Estimating the number of patients exposed to a particular drug is an important part of safety signal detection, but Vimal Pannala and Partha Chakraborty, from IT firm Cognizant, argue that
industry needs to adopt better standard definitions and automated processes to make full use of such data
The importance of safety signal detection - the rapid identification of potential unwanted side-effects has grown in recent years due to the increasing number of high profile withdrawals and the late-stage failure of drug candidates, as part of the ongoing scrutiny of drug safety.
In safety detection it is important to consider not just the adverse event (AE) reporting rates, but also the number of patients who might have been exposed to the drug (patient exposure). While AE reporting rates may keep rising month-on-month, it becomes a potential safety signal only when this increase is not explained by a proportional increase in patient exposure.
Patient exposure data is also required for reporting in Periodic Safety Update Reports (PSURs) (Section 2.5 of the PSUR) and other aggregate, cumulative reports capturing the safety profile of a drug, submitted in International Council of Harmonisation (ICH) regions.
Despite these requirements, there is a lack of industry standard definitions, which can have implications for the pharmaceutical industry.

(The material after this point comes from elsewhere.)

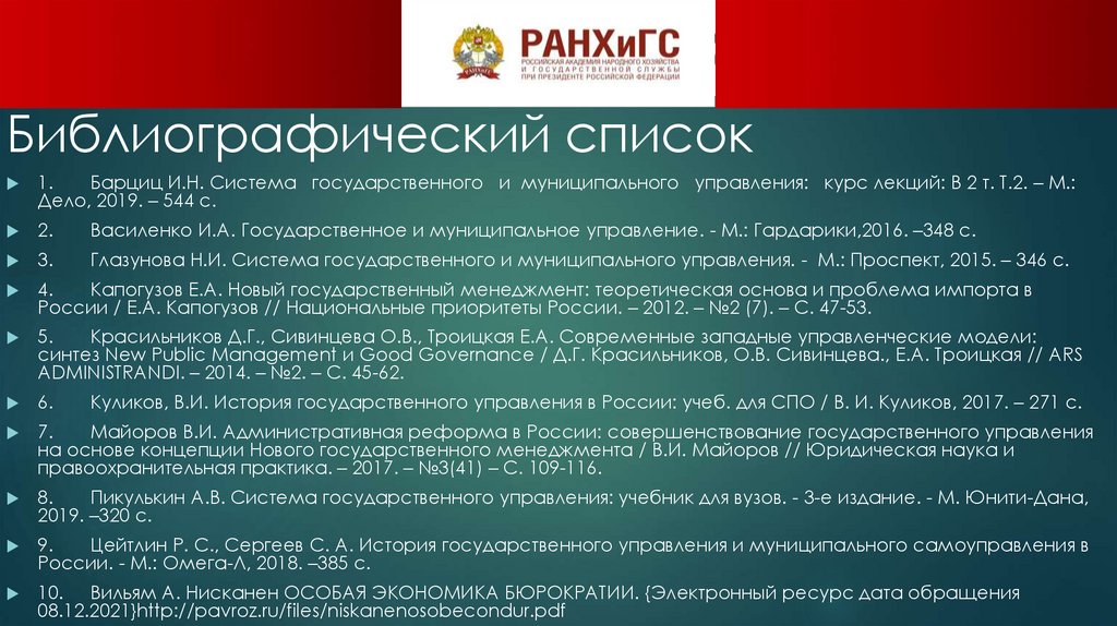 Барциц И.Н. Система государственного и муниципального управления: курс лекций: В 2 т. Т.2. – М.:

While patient exposure estimation has been a regulatory requirement for some time, it is not regarded with the same level of seriousness as AE reporting rates. The following pointssummarise the current state of patient exposure estimation within most pharmaceutical companies:
- There is a lack of industry standard definitions and terminologies that would allow a more structured approach for patient exposure estimation;
- Estimation of patient exposure is a completely manual process in most pharmaceutical companies; and
- It is estimated only for the purpose of its inclusion in PSURs and its use in signal detection is minimal. This may lead to false positives that could be avoided if patient exposure is accurately estimated and used in signal management.
Data for patient exposure estimation for post-marketing comes from three sources:
1. Third-party prescription databases (such as IMS);
2. Primary sales data (from the company's financial database that would record £ value of sales); and
3. Bulk drug sales to a contract manufacturer.

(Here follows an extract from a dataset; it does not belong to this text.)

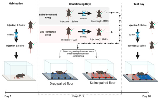 Conditioned Place Preference (CPP) in rodents, which is often used to model abuse-related drug effects, is shown by a preference for an environment previously paired with a drug compared with an environment previously paired with vehicle [70,71]. Conditioned place preference (CPP) and sensitization of locomotor activity were measured in the same animals using a procedure similar to that described previously [37]. All mice in the current experiments were exposed to the often used, unbiased, one-compartment place-conditioning procedure, with sessions conducted once per day [37,72]. To counterbalance tactile stimulus (floor type) and drug assignment (saline or D22 pretreatment), amphetamine was paired with the hole floor-texture and the vehicle with the grid floor-texture for half of the mice; pairings were opposite for the remaining mice. The CPP procedure consisted of three phases (Figure 5): habituation (one session), conditioning (eight sessions), and place preference test (one session). Immediately before each session, each animal received an intraperitoneal injection of saline or 0.1 mg/kg D22, followed 60 min later by a second injection of saline or 1 mg/kg amphetamine (n = 16 per treatment). After the second injection, mice were immediately placed in the center of the apparatus. Between tests, the floor and the inside of the boxes were wiped, and the litter paper beneath the floor was replaced. The habituation session was intended to reduce the novelty and stress associated with handling, injection, and exposure to the apparatus; thus, for this session, all mice received saline and were placed in the apparatus for 30 min on a floor covered with paper. The following 8 days, 30 min conditioning sessions were held. Conditioning consisted of pairing one floor type with the injection of amphetamine and the other floor type with the injection of saline. The day after the last conditioning session, the 30 min floor preference test was conducted in mice having received saline. The time spent on the amphetamine-paired floor was subtracted from the time spent on the saline-paired floor, and this difference was used to measure place preference. Previous reports [37,73] demonstrate that C57BL/6J control mice repeatedly treated with only saline spent the same amount of time on both floor types during preference tests, indicating no preference for one floor type over the other, and allowing for the use of an unbiased method to assess CPP. Sensitization to the locomotor stimulant effects of amphetamine, evidenced by progressively enhanced locomotor responses following repeated administration of amphetamine [51], was measured during the amphetamine conditioning sessions of the CPP procedure. All sessions were conducted once per day between the hours of 8 AM and 11 AM.

Capturing data from these sources poses its own challenges. While prescription data is often the most accurate and has the smallest time lag between the time of data collection (at prescription) and end user consumption, such data may not always be available or is often incomplete (e.g. not all major retailers are covered). Furthermore, it can be very expensive.
When primary sales data is used, the available information may not account for free samples, product returns or unsold inventories lying within the retailer. There is also a significant time lag between the time of data collection (at primary sales level) to the final sale to the end consumer, and end user consumption.

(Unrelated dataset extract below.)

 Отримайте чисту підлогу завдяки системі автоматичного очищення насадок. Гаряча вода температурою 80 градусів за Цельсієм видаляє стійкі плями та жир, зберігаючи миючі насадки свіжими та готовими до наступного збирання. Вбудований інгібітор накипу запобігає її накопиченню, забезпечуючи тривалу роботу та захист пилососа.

Bulk drug sales data is often the most inaccurate measure of patient exposure, as there is wastage of active substance during drug manufacturing that is not accounted for when calculating the number of drug units manufactured. This data has the greatest time lag between the time of data collection (during bulk drug sales) and end user consumption.
There are ways of dealing with the challenges in patient exposure estimation. For example, the time lag between the time of data collection (during prescription, primary sales or bulk drug sales) and final user consumption introduces an error in patient exposure estimation as data from these sources could be several months old. To overcome this, most companies extrapolate available information based on known sales/prescription trends. However, this extrapolation may not be totally accurate and some statistical error does creep into patient exposure estimation.
Patient exposure is often very difficult to estimate accurately in terms of number of patients exposed and hence is normally estimated in person-time. This is because patient exposure in person-months or person-years is easier to identify from available, industry standard data sources if annual or monthly per capita intake of a drug is known.
However, in some cases (especially for single-dose drugs), patient exposure may be expressed in terms of persons exposed, whereas in the case of non-chronic drug treatments (e.g. anti-biotics) it is expressed as treatment courses. But in the case of over-the-counter drugs, where it is difficult to predict the usage pattern, it is sometimes expressed in net sales.
Pharmaceutical companies sell their drugs around the world in different ways and through a variety of channels. For example:
- under multiple trade names
- through multiple partners
- in multiple formulations
- in multiple strengths
- in multiple stock keeping units
All of these add to the complexity in accurately estimating patient exposure.
There is significant scope to automate this process by integrating required data from multiple sources such as sales, financial, manufacturing and prescription databases, into a patient exposure data warehouse.
This would allow for standardisation of patient exposure estimation for each drug as a pre-built report within the data warehouse.
Another option would be to integrate patient exposure data into a global safety data warehouse, and automate signal detection further by using patient exposure estimates generated from pre-built reports (as outlined above) with AE reporting rate trends to determine if a signal has been generated.